*** Block opens ***

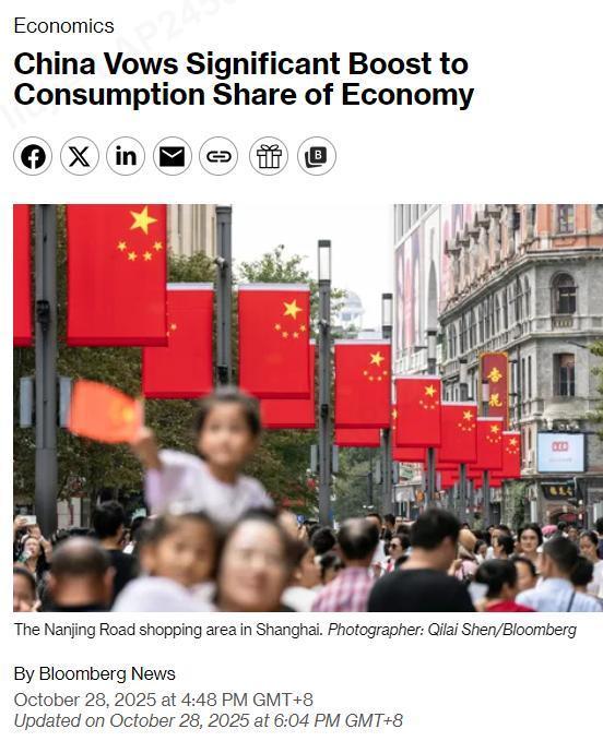 外媒:中国承诺在未来五年内显著提高消费在经济中的比重,同时继续把科技和制造业作为首要发展领域,以减少对贸易的依赖。 这一目标是在上周中国举行的四中全会公报中提出的。 公报指出,中国将形成一个更多由内需主导、以消费为动力的经济发展模式。意味着未来经济增长将更多依靠内需拉动而非出口。这一举措显示中国正在调整增长结构,推动消费成为经济的重要引擎,同时保持技术创新和制造业的领先地位。
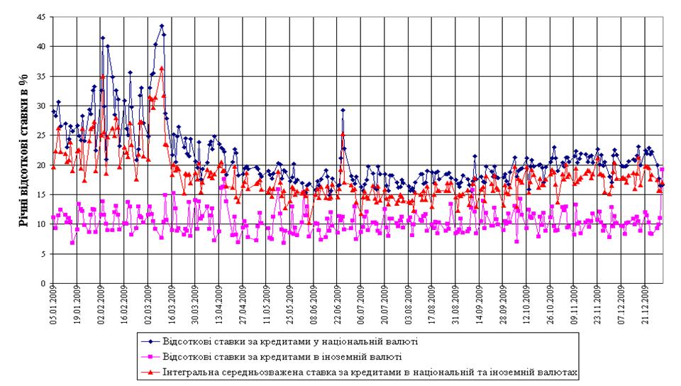 Рис.Л.5 Динаміка середньозважених ставок кредитів в
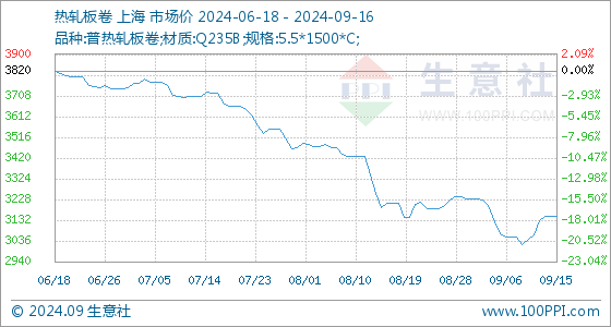 9月16日生意社热轧板卷基准价为3152.00元/吨
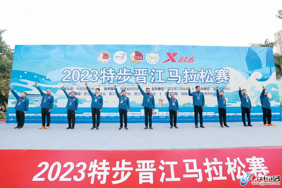 中国田径协会副主席甄国栋,福建日报社副社长吴孝武,泉州市委常委、晋江市委书记张文贤,福建省田径自行车运动管理中心主任梁学仁,泉州市体育局党组书记郑宏谋,晋江市委副书记、市长王明元,晋江市委常委、宣传部长黄少伟,晋江市副市长吴尊意,特步事业群CEO田忠,晋江经济报社总编辑吴美章,晋江马拉松主题曲词作者杨都海为大赛鸣枪。
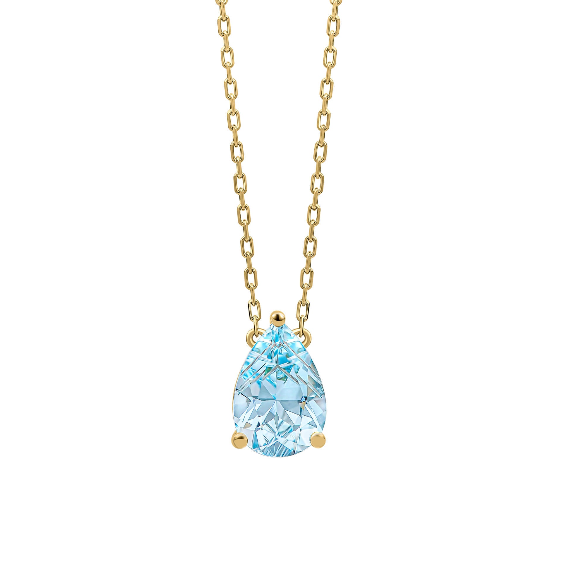 Indulge in luxury with this necklace, inspired by the sleek lines of modernist architecture. Crafted in 9ct yellow gold, this pendant showcases a pear-shaped blue topaz stone, delicately held in a claw setting. The distinctive fancy cut of the topaz creates an entrancing display of light, mirroring the dynamic interplay of lines found in modern architecture. Complete your ensemble with effortless elegance by pairing this pendant with the matching stud earrings, seamlessly blending sophistication and style.
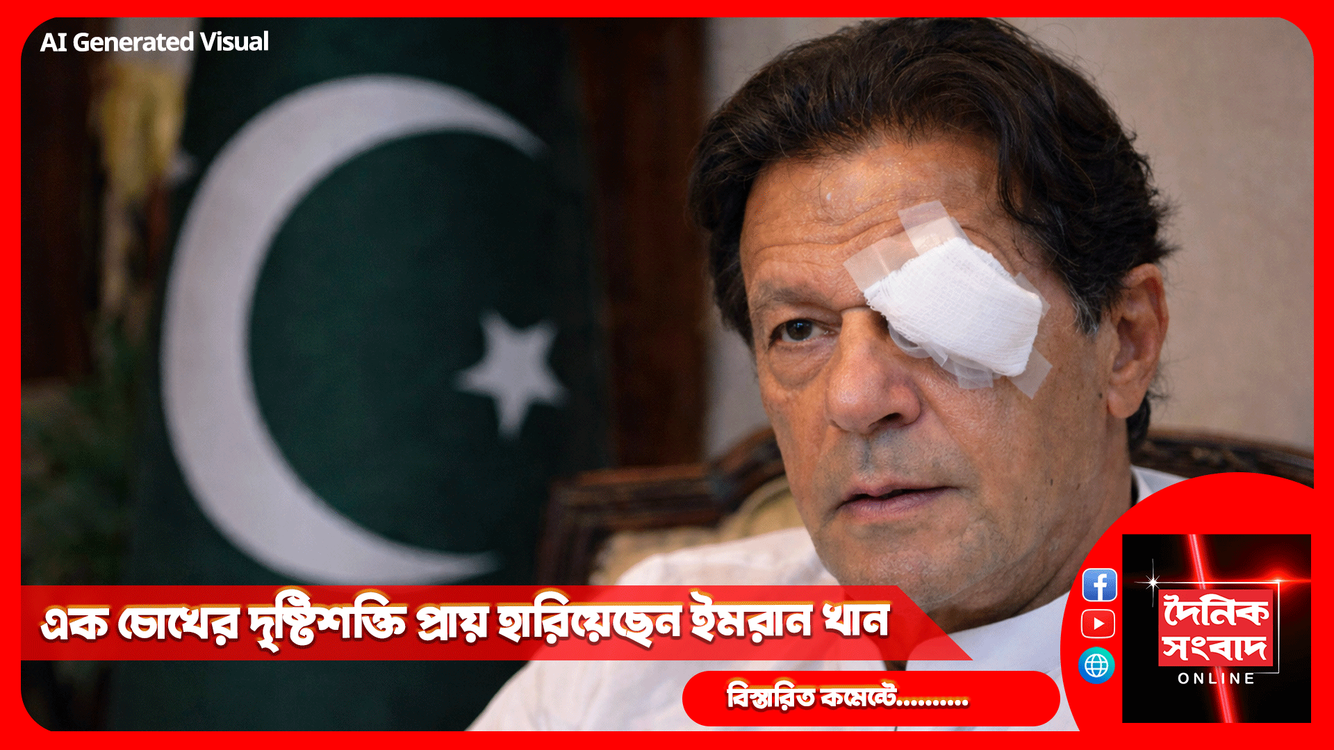 তিনি বলেন, সাক্ষাতের পুরো সময়ে ইমরানের চোখ জলে ভরা ছিল এবং তিনি বারবার টিস্যু দিয়ে চোখ মুছছিলেন, যা শারীরিক অস্বস্তির প্রতিফলন। এদিকে ইমরানের দল পিটিআই বলেছে, তারা বিশ্বাসযোগ্য সূত্রে জানতে পেরেছেন, ইমরান খানের ডান চোখে সেন্ট্রাল রেটিনাল ভেইন অঙ্কুশন (সিআভিও) ধরা পড়েছে, যার ফলে সঠিক চিকিৎসা না পেলে ইমরান খান চিরতরে দৃষ্টিশক্তি হারাতে পারেন। প্রসঙ্গত, একাধিক মামলায় অভিযুক্ত পিটিআইয়ের প্রধান ইমরান খান ২০২৩ সালের আগষ্ট থেকে কারাগারে আছেন। গত ডিসেম্বর জাতীয় নিরাপত্তার জন্য হুমকি হিসাবে উল্লেখ করে ইমরান খানের সঙ্গে কারাগারে সাক্ষাৎ সম্পূর্ণ নিষিদ্ধ করে পাকিস্তান সরকার।

*** Block closes ***

WHAT THE TASK REQUIRES: In the data above, find the line with "9月16日生意社热轧板卷基准价为3152.00元/吨" and the line with "中国田径协会副主席甄国栋,福". Please copy exactly those two lines and every line between them, but not the pictures.

OUTPUT BELOW:
 9月16日生意社热轧板卷基准价为3152.00元/吨
 中国田径协会副主席甄国栋,福建日报社副社长吴孝武,泉州市委常委、晋江市委书记张文贤,福建省田径自行车运动管理中心主任梁学仁,泉州市体育局党组书记郑宏谋,晋江市委副书记、市长王明元,晋江市委常委、宣传部长黄少伟,晋江市副市长吴尊意,特步事业群CEO田忠,晋江经济报社总编辑吴美章,晋江马拉松主题曲词作者杨都海为大赛鸣枪。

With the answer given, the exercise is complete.